* [What to produce] Restate the data word for word. Leave the pictures out.

* [Data shown]
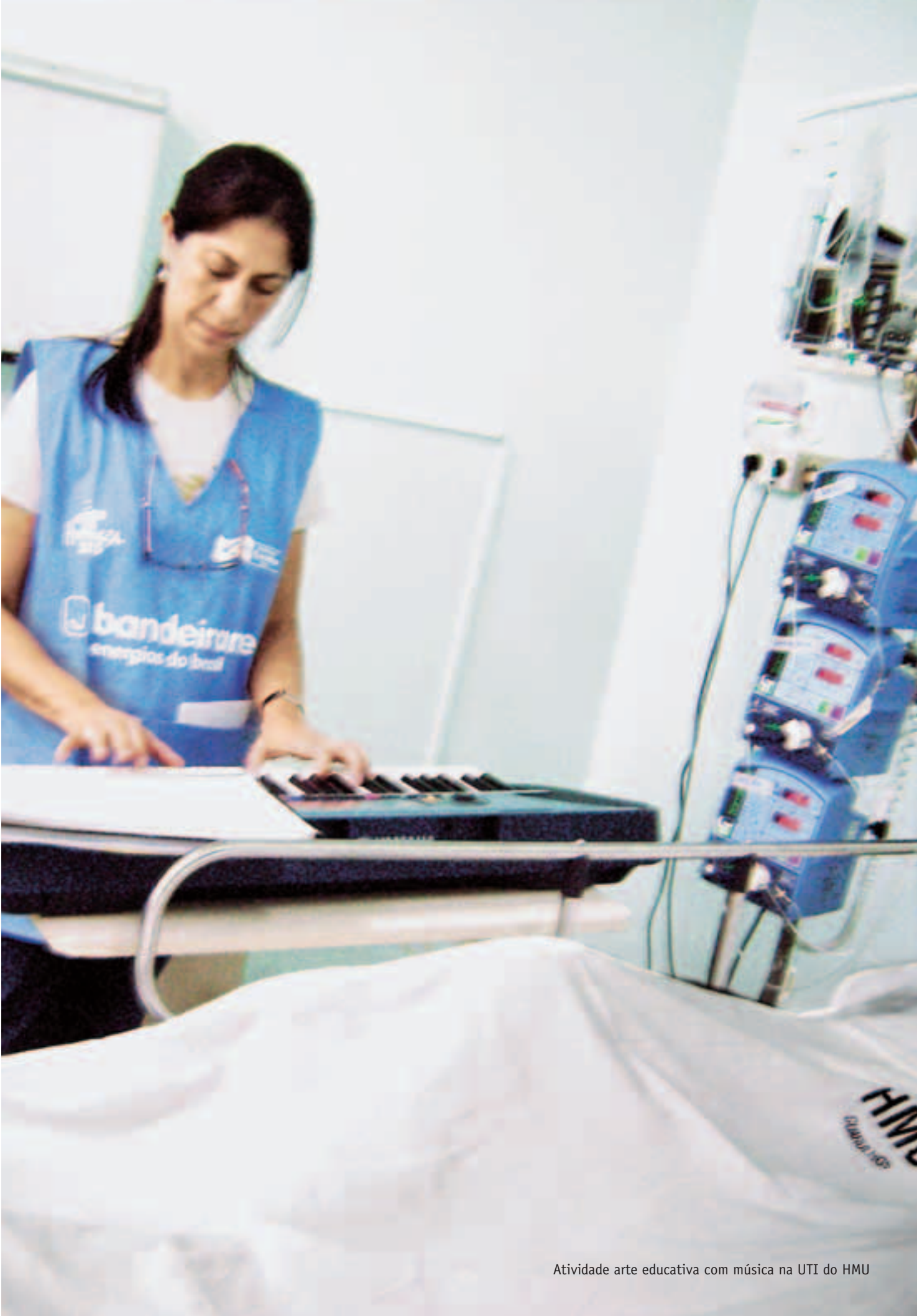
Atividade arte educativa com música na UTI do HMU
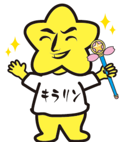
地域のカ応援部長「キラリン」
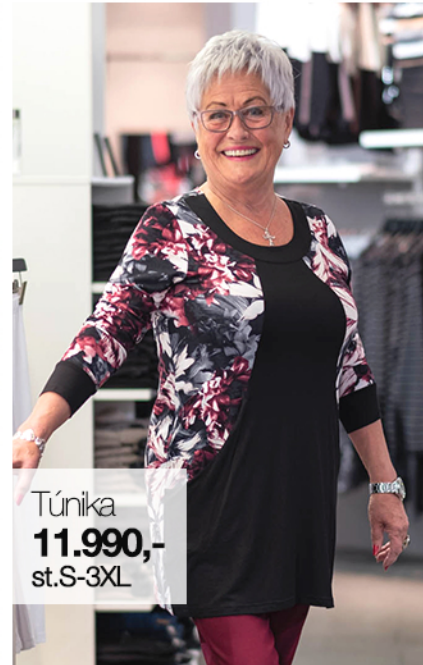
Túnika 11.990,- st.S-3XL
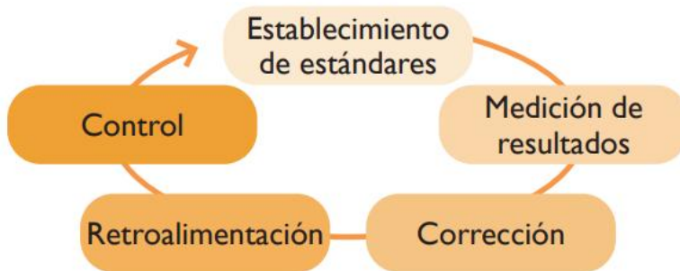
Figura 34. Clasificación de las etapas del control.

* [Finished task]
Atividade arte educativa com música na UTI do HMU
地域のカ応援部長「キラリン」
Túnika 11.990,- st.S-3XL
Figura 34. Clasificación de las etapas del control.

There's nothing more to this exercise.